Episode 003 – Rediscovering Discovery
“In the past, when I’ve run up against a creative block like the one today, I walked away and told myself it would work itself out. I wasted an entire year with that disastrous plan.”
Marcel Proust wrote, “The real voyage of discovery consists not in seeking new landscapes but in having new eyes.”
Episode 3 has me fighting through a creative block and I was about to give up until a little shift from convergent thinking to divergent thinking shook something loose.
There’s nothing like a spur-of-the-moment road trip through Baja, Mexico, complete with military checkpoints and street tacos to get the juices flowing. Pun intended.

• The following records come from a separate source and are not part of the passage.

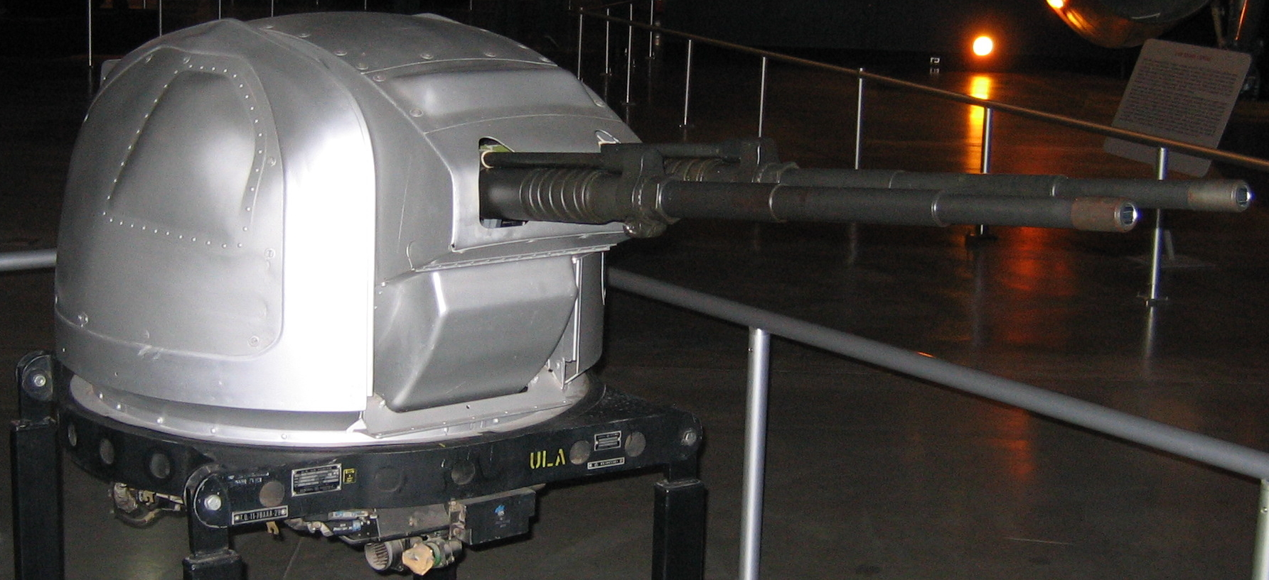 Dismounted B-36_Peacemaker gun turret at the National Museum of the United States Air Force, Dayton, Ohio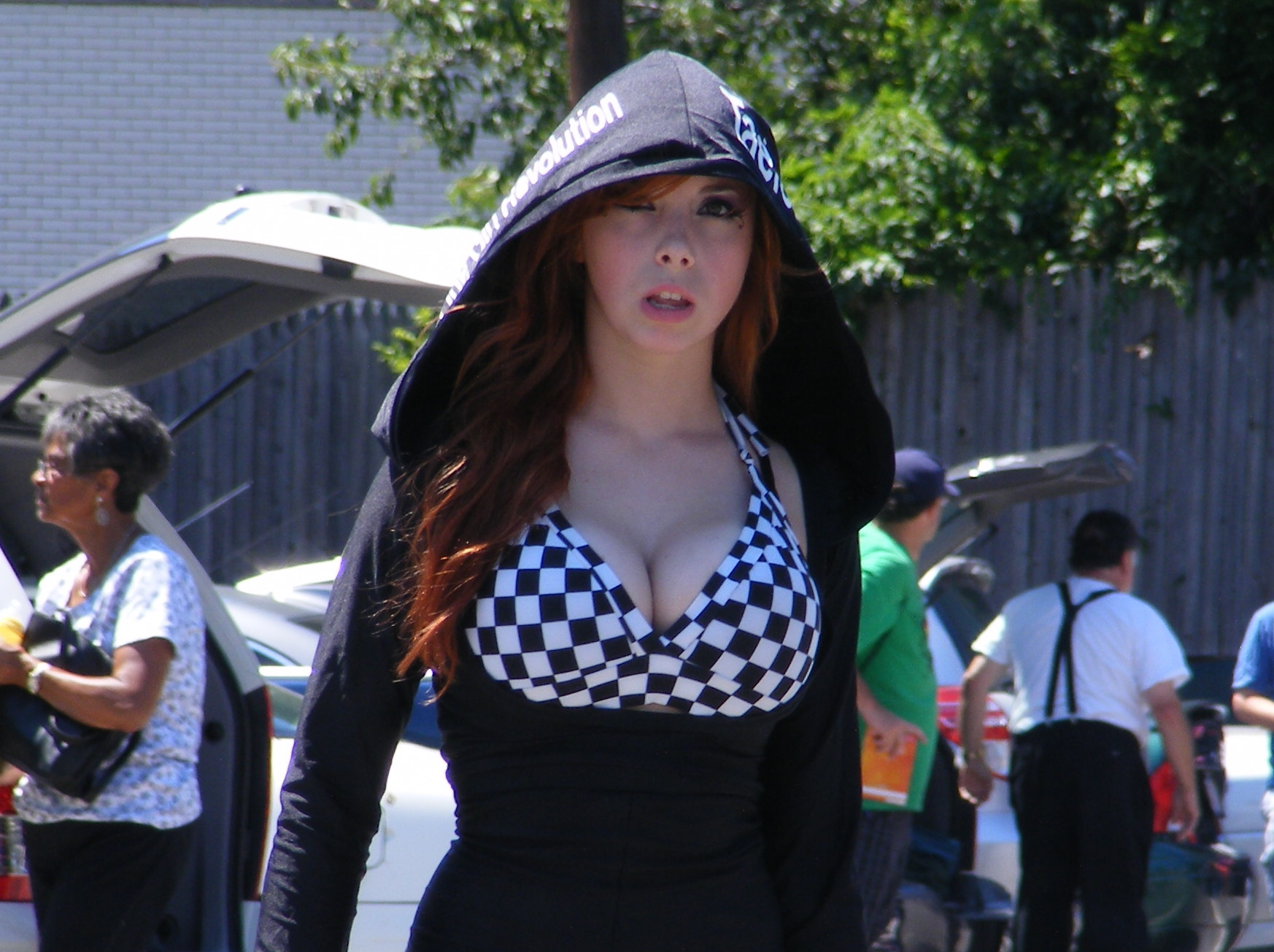 Taeler Hendrix at a HWF show in July 2011.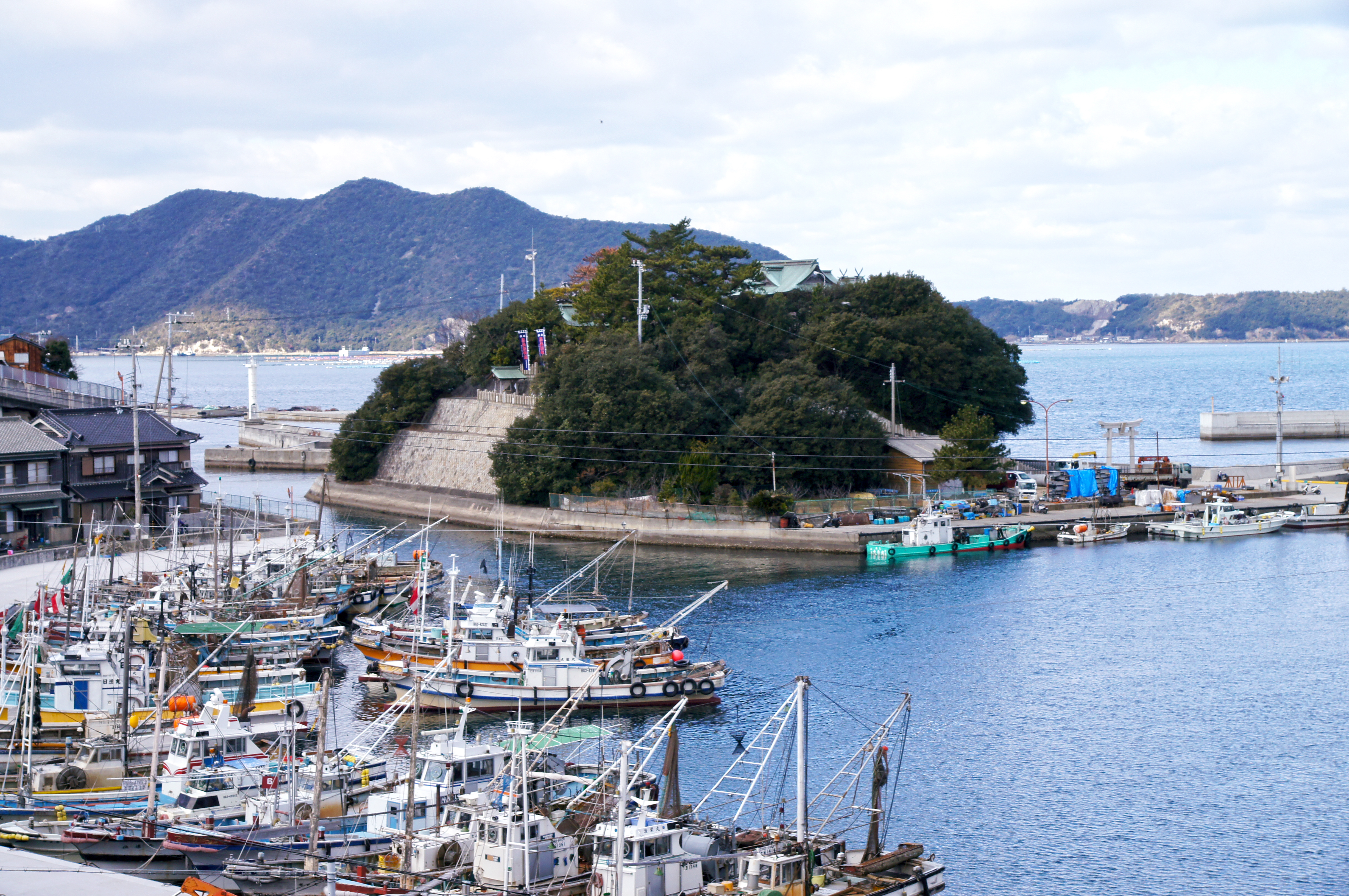 Bozeji-ato is one of the Ten Views of Ieshima Islands in Bozejima Island, Himeji, Hyogo prefecture, Japan.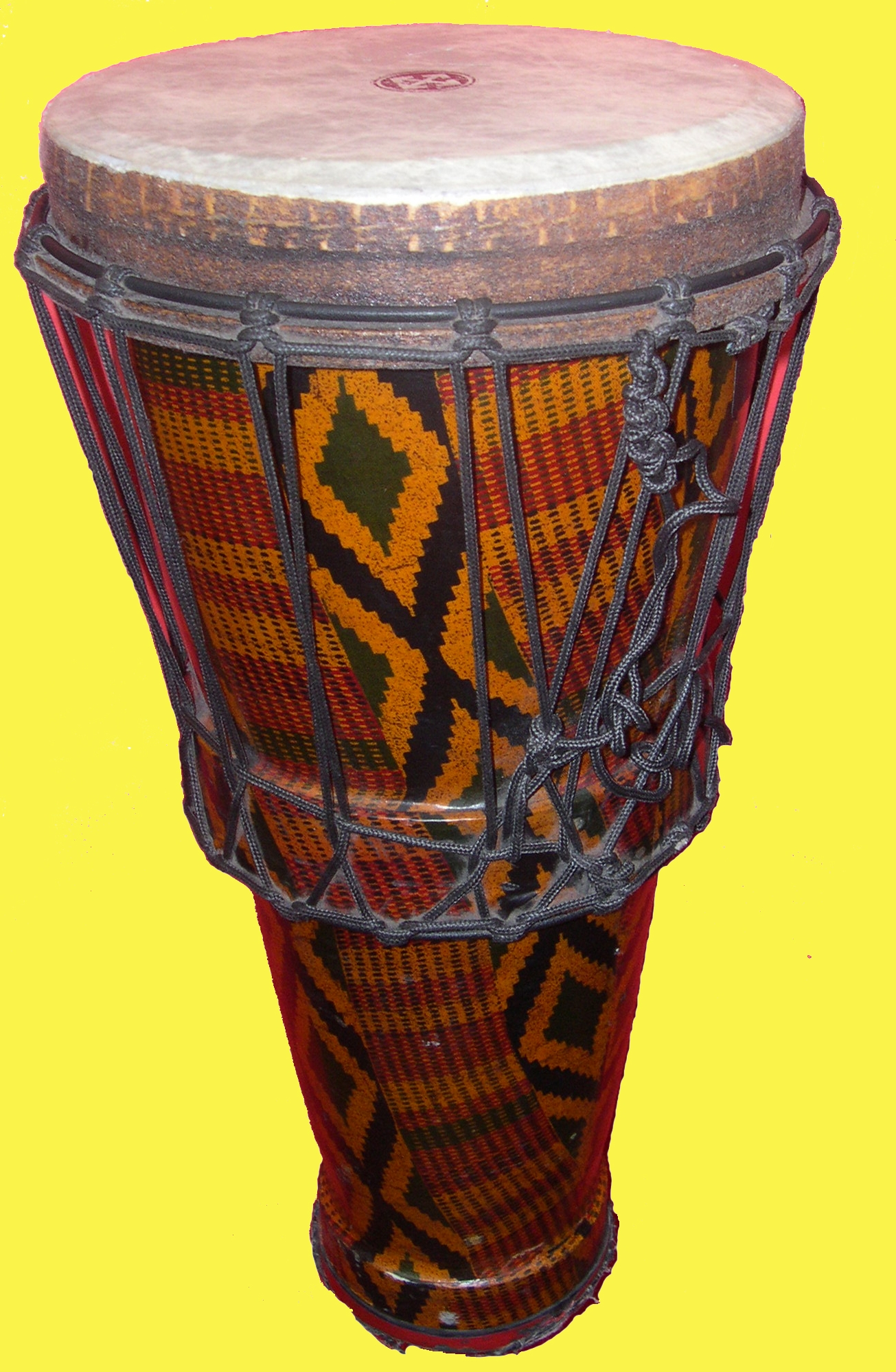 Remo Ashiko made from Plastic and Acousticon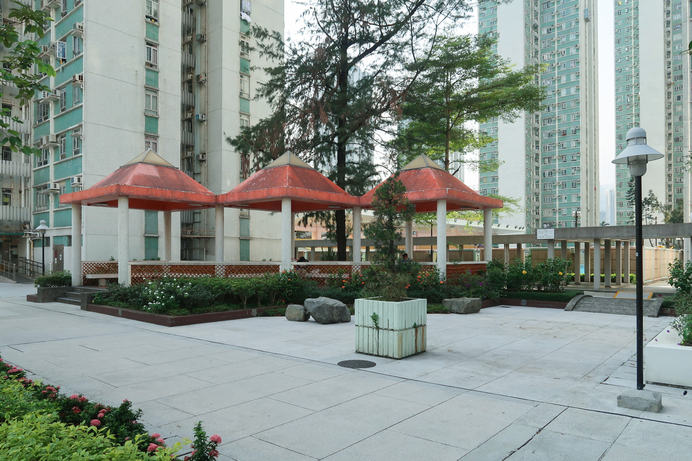 City One Shatin Ex Fountain with pavilion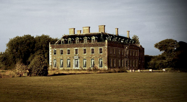 St Giles House in Wimborne St Giles, Dorset, England; home of the Earls of Shaftesbury; built in 1651

Ride along with me and discover one of Baja’s unlikeliest attractions.
I’ve been sitting in the same chair, wearing the same clothes for the last five days.
My wife’s out of town. There’s been no need to shower, shave, or cook a nice meal every night. Cooking any meal for that matter.
I’ve become a recluse; obsessing over the production schedule, researching, writing, recording; then rewriting and re-recording.
Today, I’m procrastinating because I haven’t completely locked onto the flow of this episode. It shouldn’t be a surprise as I’ve barely left the house. When there’s no input, you should expect an equal amount of output.
What I do know… is this episode is about discovery. Rediscovering discovery. That’s what it says in my notes and it’s how I drew up the outline. But no matter what I write, it comes out as meandering drivel.
Preachy. I can’t stand preachy. So, I delete it all and begin again and…again.
I’ll take a shower. A hot shower usually triggers a breakthrough.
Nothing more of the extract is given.